Many of the greatest moments in English football in the last half-century have been voiced, undeniably, by John Motson. The BBC commentator, who has died aged 77, embodied a quintessentially British type of fandom. A fan more than an analyst, he takes the small club as seriously as the big one – perhaps even more, because they can provide him with a giant-kill to serenade.
“Motty”, in his timeless sheepskin coat, became a constant fixture of national life. The first historical facts and statistics he likes to read may seem insignificant, but they reflect his creed: he sees English football as a living organism born in the Victorian era.
Motson himself was born in Salford in 1945, a few weeks after the victory over Hitler. He grew up mostly in London, where his father was a football-mad Methodist minister with a booming voice who preached in the city’s poorest neighborhoods. Aged six, Motson went with his father to his first match, Charlton vs Chelsea. He claims he never joined a particular club, but loves the game, the colors, the name and the shirt number. Fandom will support him through homesickness at boarding school.
After leaving school at 16, he became a local newspaper reporter, then worked in radio in Sheffield. When he first applied to the BBC, the interviewers laughed when they learned about his experience. But soon, the company hired him.
He participated in the football highlights program Match the day in 1971, and a year later I got a break. Non-league Hereford host Newcastle in an FA Cup replay. The victory in Newcastle was seen as a formality, about five minutes into the night’s show, so the match was assigned to the program’s 26-year-old junior. Motson went to Hereford with two players, his friends Ricky George and Billy Meadows.
Minutes from time, part-time striker Ronnie Radford rocketed home Hereford’s equalizer from 35 yards. It’s a scene from provincial football bygone: Radford’s undersized shirt that rode up to his stomach when he celebrated, while the parka-clad supporters stormed the muddy pitch. George scored Hereford’s winner, but many who watched 10 minutes that night will remember Motson’s “Radford the scorer, Ronnie Radford!”
Motson does not do poetry or tactical analysis. “I’m very happy that my comments use better language, well-rounded phrases, a wider vocabulary and memorable lines,” he wrote in his autobiography. “Unfortunately, there are twenty-two men who play football very quickly.”
His job is to tell a 90-minute story, carried by the joy of a child but without the slightest factual error. A perfectionist afraid of misidentifying players, he prepares obsessively for each game. He would go around the England watching team to remember faces, collect football phone numbers pumped for news.

Even Manchester United manager Alex Ferguson largely relied on him in the lineup the next day, trusting Motson not to blab. Anne, Motson’s wife since 1976 (she is also survived by their son Frederick), helped compile the pre-game statistics. Motson wrote color notes on both teams on a felt-tip pen, then stuck them on both sides of the card.

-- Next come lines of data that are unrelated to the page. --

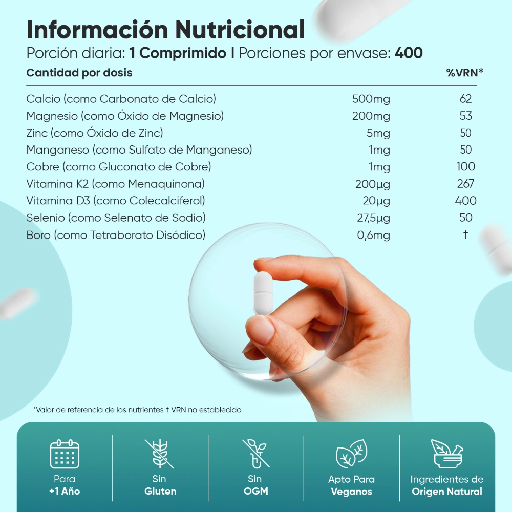 Este suplemento alimenticio contiene 7 minerales y 2 vitaminas esenciales, entre los que encontramos Boro, Selenio, Vitamina K, Cobre y Manganeso. Cada envase incluye 400 comprimidos, lo que equivale a más de un año de suministro, para que no tengas que preocuparte de reponerlo constantemente. Su formato en comprimidos fáciles de tomar hace que incorporarlo a tu rutina sea muy sencillo. Además, es apto para vegetarianos, sin gluten ni OGM, pensado para adaptarse a diferentes estilos de vida.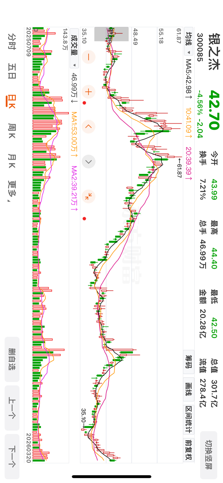 $银之杰(SZ300085)$ 左侧逼出绝望盘之后转为右侧,右侧成功吸引巨量追涨盘之后再将其套牢,调整已经开始,40元以上不接飞刀,40元以下也不能接太多,不见绝望盘不重仓。银之杰主力控盘能力还是有的,控盘不是为了大涨,而是大起大落,来回割韭菜。如果不想亏钱,先学会它的一二一二一的节奏。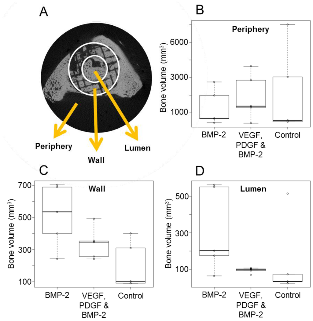 Bone volumes within different defect regions (A) were quantified; bone volumes within the periphery (B); scaffold wall (C); and scaffold lumen (D) for each experimental group are shown.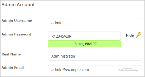 9. Under the "Admin Account" field enter the following information: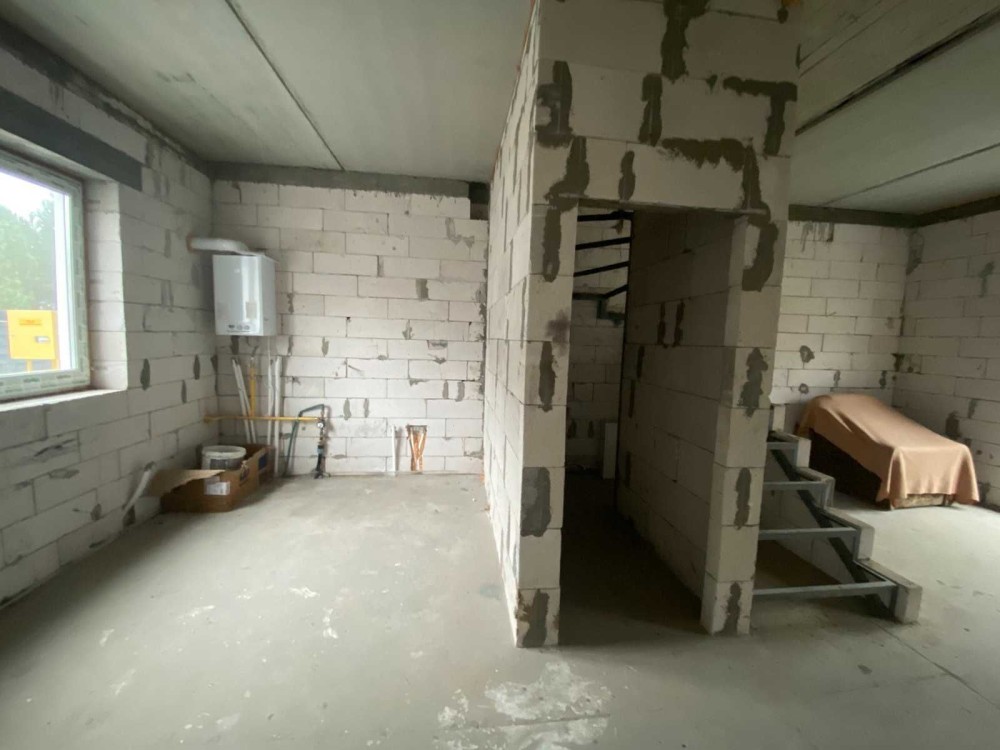 Наповнення : стяжка, тепла підлога на першому поверсі і санвузол на другому, розведене опалення по кімнатам на другому поверсі, встановлені інсталяції. Встановлено двохконтурний газовий котел.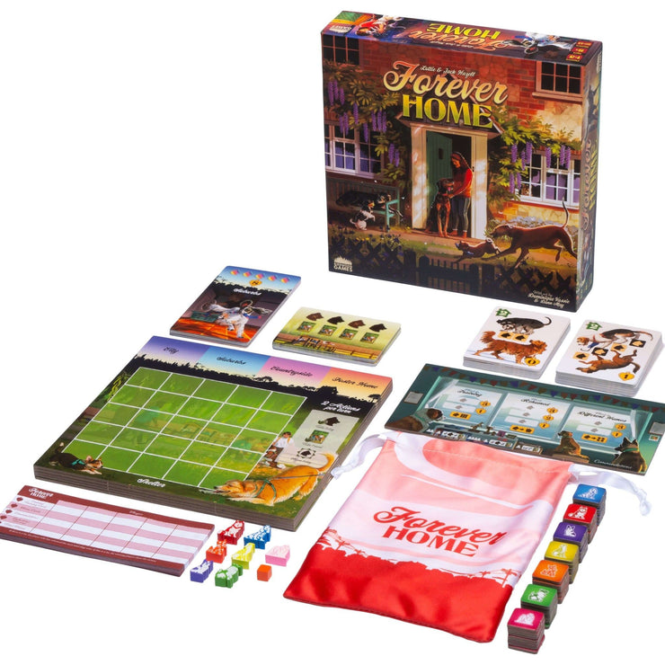 Featuring quick and simple turns; a unique solo mode; and a second advanced side to the player board, Forever Home is a replayable, easy-to-love abstract game.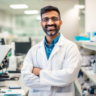 laboratory technologist indian man handsome smiling friendly work blur background microscope test tube sample slide coat gloves safety glasses hairnet beard young adult male professional medical healthcare scientist research analysisImagine Buddy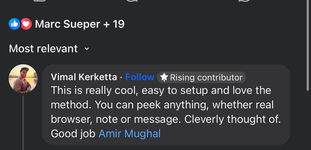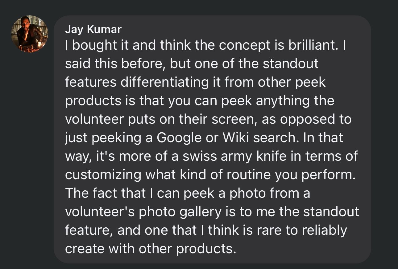 - Facebook Peek - They open Facebook and think of any recent post, comment, or friend from their feed. You reveal it with jaw-dropping accuracy.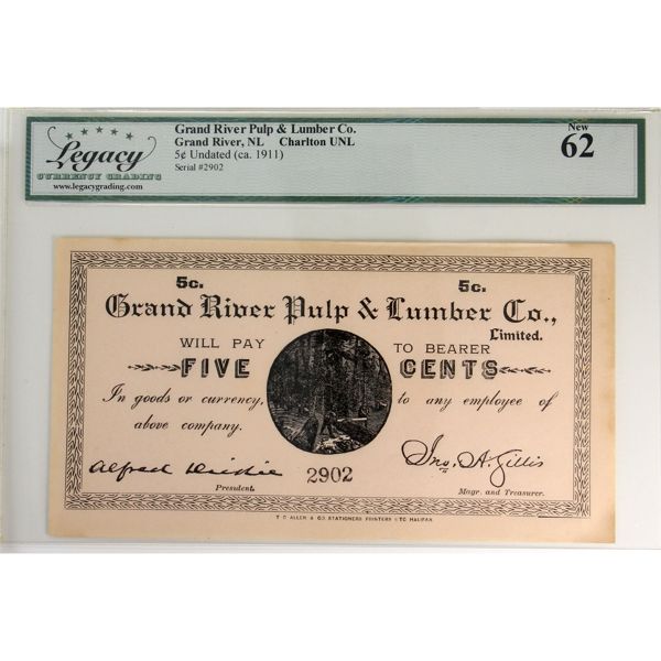Grand River Pulp & Lumber Co. ND (c.1911) 5c Grand River NL Legacy CUNC62 SN: 2902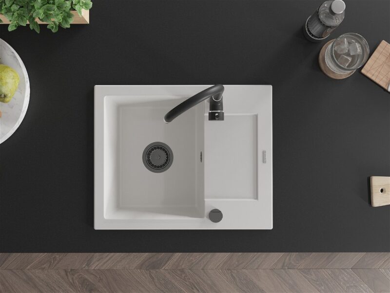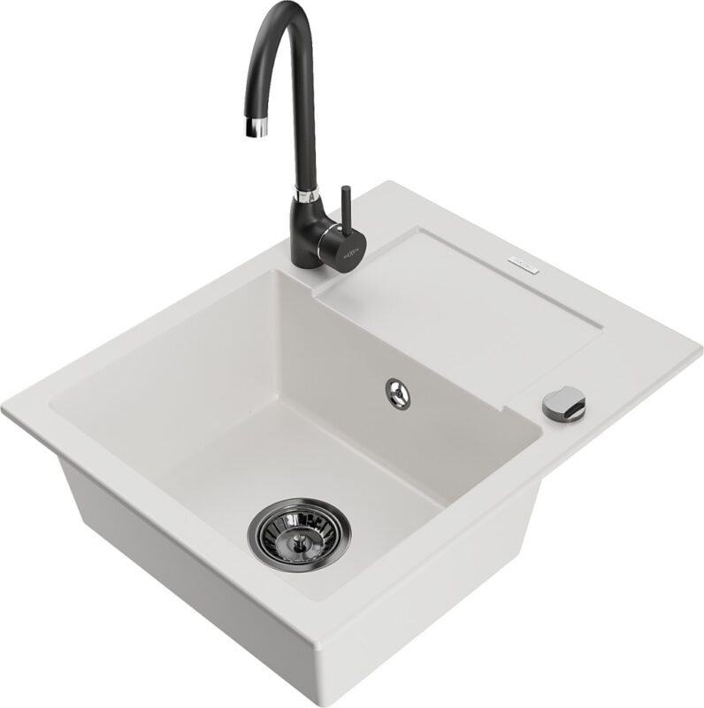 MEXEN/S MEXEN/S – Enzo granitový drez s odkvapkávačom vrátane batérie Telma, biela 6506-20-670200-70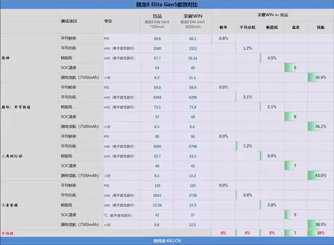 我们测试了4款游戏,平均下来,相同的帧率下,荣耀WIN比另外一款搭载骁龙8 Elite Gen5的功耗要低了4%。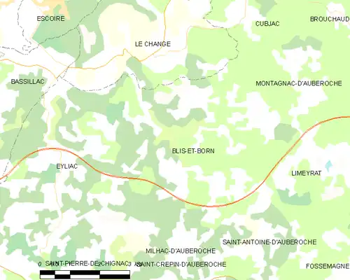 Sur plus de cinq kilomètres, le territoire communal est traversé au sud par l'autoroute A89 dont l'échangeur le plus proche, Périgueux-Est, se trouve à environ dix-sept kilomètres du bourg de Blis-et-Born, par la route.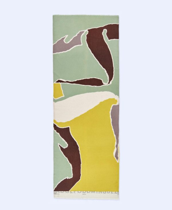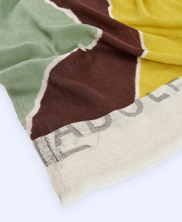 Chal estampado en algodón 100%. Motivo Vibrar. Fleco corto. Logotipado en jacquard.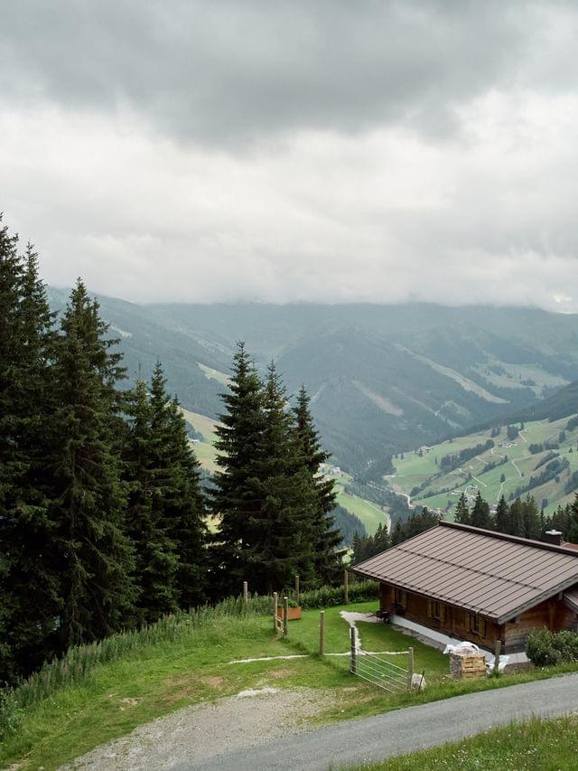 Etwas oberhalb von Hinterglemm liegt das Bachgut – eingebettet in Wiesen, mit weitem Blick ins Tal.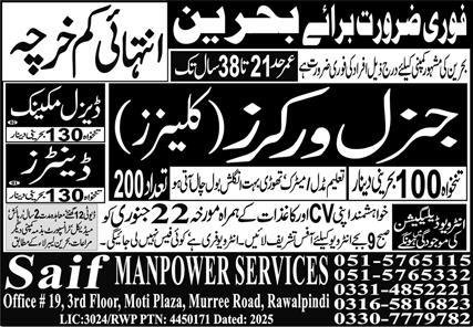General Worker Jobs in Bahrin 2026 announce the Contract career opportunities for the post of See Below Ad in Bahrain for the fresh and experienced candidates on Contract basis who have Check Advertisement degree. Posted date of this post is 20/01/2026 and the last date is 22/01/2026. if you are eligible for this job apply before due date.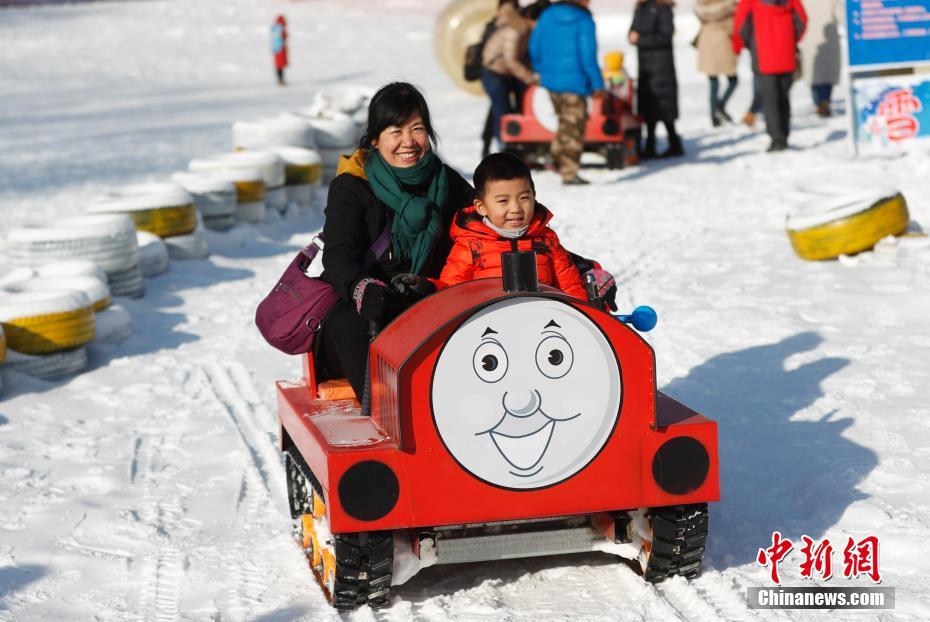 12月31日,以“玉渊冰雪季 健康迎冬奥”为主题的北京玉渊潭公园第十一届冰雪季开启迎新模式。图为游客体验“雪地坦克”。中新社记者 杜洋 摄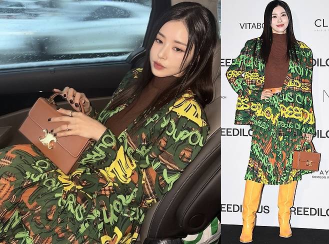 특히 클래식한 카멜 컬러 미니백까지 더하며 과감하면서도 세련된 믹스매치를 선보였습니다.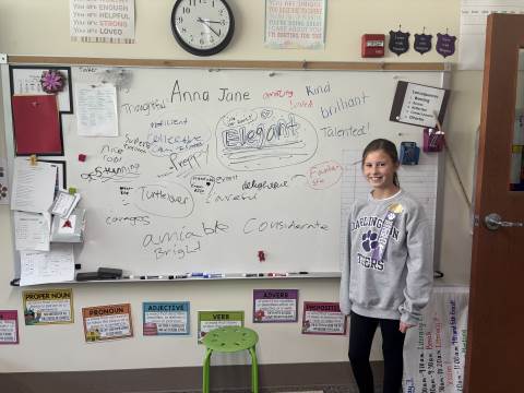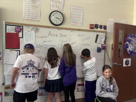 Fifth-graders enthusiastically revisit adjectives while exploring the thoughtful ways their peers express admiration.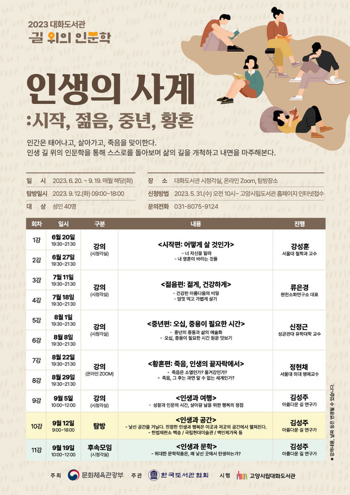구체적인 일정은 ▲강성훈 교수(서울대학교 철학과)의 어떻게 살 것인가 ▲류은경 대표(완전소화연구소 대표)의 젊게, 건강하게 ▲신정근 교수(성균관대 유학대학)의 오십, 중용이 필요한 시간 ▲정현채 명예교수(서울대학교 의학대학)의 죽음, 인생의 끝자락에서 ▲김성주 강사(아름다운 길 연구가)의 탐방 사전 강연 인생과 여행과 낯선 공간을 거니는 북촌 탐방 ▲후속모임 인생과 문학 순서로 진행된다.

Comedians make fun of clichés. The comedy creation of Steve Coogan, the stupid TV reporter Alan Partridge, and the sports reporter at Harry Enfield and the Chums both wearing Motsonesque sheepskin. But Motson has a superpower: his voice. Speech therapist Jane Comins identified her as having twice the average voice frequency, speed and volume.
No wonder he usually beat his friend Barry Davies in a decades-long duel to be awarded the BBC’s biggest game. Motson has commented on 10 World Cups and 29 FA Cup finals. He stayed 50 years at the BBC, longer than almost anyone else in British television. Working there “is like giving your ego a tremendous boost”, he told the BBC’s own programme, Desert Island Discs.
He lamented the “greed and complacency” of modern football: a Champions League filled with non-championship teams, rising wages and club debt. But his nostalgia turns to memories of the 1980s, when he admits, “my love for football has left me a bit”. Most modern games are safe.
The globetrotting commentator remains “very British”, says George. For their first meal together in Seoul during the 2002 World Cup, Motson took her to McDonald’s, explaining, “I like cheeseburgers.”
Generous to his junior colleagues and regular fans who wrote him letters (he didn’t do email), “Motty” paid for his annual dinner with friends at Fino in Mount Street, London. After retiring in 2018, he continued to travel to matches, which were held by clubs eager to celebrate English football.